Calling up Friedman etal to dither about what is about to transpire is a preoccupation with the wrong clock. More over, has not helicopter Ben said that he will print and print, all in the name of evading deflation. The only smart thing that helicopter Ben might accomplish is to force China and her mercantilist cohorts to revalue their currencies and to increase her wage rates, all the while our purchasing power evaporates and voila, we get to labor cost parity. Would that not be the time to recreate US manfacturing? That’ll take about 35 or 40 years. Will you or I still be here to enjoy that blessed event?
ds: “The logic of your and El-Erain’s criticisms is wrong. You argue that QE, by lowering yields, will generate inflation, which is bad because it leads to higher interest rates. So what should the Fed do then? Raise interest rates? A reverse QE to raise 10 year yields, cause deflation, which drives yields lower and makes homes more affordable? This criticism is circular and makes no sense.”
ds, your reply is a textbook example of how two policy options seem to create a paradoxically circular train of events. Someone proposes a policy and articulates a chain of consequent events. You disagree and posit the exact opposite chain of events, followed by “It’s actually the complete opposite!!!!”
This happens because the two options are two sides of the same coin; in this case, currency manipulation. The real solution is to stabilize the value of currency rather than to try to artificially make it weaker or stronger. In other words, the answer to your question of “So what should the Fed do then?” is: just stop. Stop screwing with the money supply because doing so simply shifts the economic damage and losses around and does not eliminate it, because someone has to eat the losses, somewhere. The Fed needs to stop trying to be the “hero,” and people need to force the various parties to this disaster to obey the law and take responsibility for their financial actions. Only then will people be able to make economic decisions with the confidence they won’t get screwed over by arbitrary policies that reward bad behavior.

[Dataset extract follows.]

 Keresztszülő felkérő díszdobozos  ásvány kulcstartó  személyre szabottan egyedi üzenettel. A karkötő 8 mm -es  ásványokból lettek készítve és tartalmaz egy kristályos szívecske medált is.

You don’t have to be an economist with a Phd. to understand we have become a nation led by tricksters and ponzi scheme artists. How did it ever come to this?
Know Nothings were given the universal franchise, and they used it. Social engineering isn’t rocket science, it’s one part prejudice and two parts money . . . .

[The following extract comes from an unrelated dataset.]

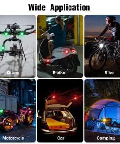 Amplias aplicaciones: Estas pequeñas luces estroboscópicas LED son adecuadas para una variedad de vehículos como drones, motocicletas, camiones, coches, bicicletas, bicicletas eléctricas y botes, vehículos recreativos o incluso las bicicletas de tu hijo, autos de juguete, etc. Convirtiéndolas en una opción ideal para acampar, correr, pescar, situaciones de emergencia y crear iluminación ambiental, luces interiores de coche, luces ambientales, etc.

‘Stock prices rose and long-term interest rates fell when investors began to anticipate the most recent action.’ — Ben Bernanke
Translation: ‘Central planning and currency depreciation work, dude!’
Avg John hits the nail on the head. The fundamental objection to QE2 does not lie in the pragmatic argument that it’s likely to be ineffective.
Rather, the fatal defect of QE2 is that it is based on publicly-announced fraud — manipulating securities prices with counterfeit thin-air money.
Even El-Erian doesn’t go far enough in identifying this as a secular inflection point. The US is forever sacrificing its credibility by allowing the Fed to commit larcenous fraud on a vast scale, as it overtly steals the purchasing power of currency holders.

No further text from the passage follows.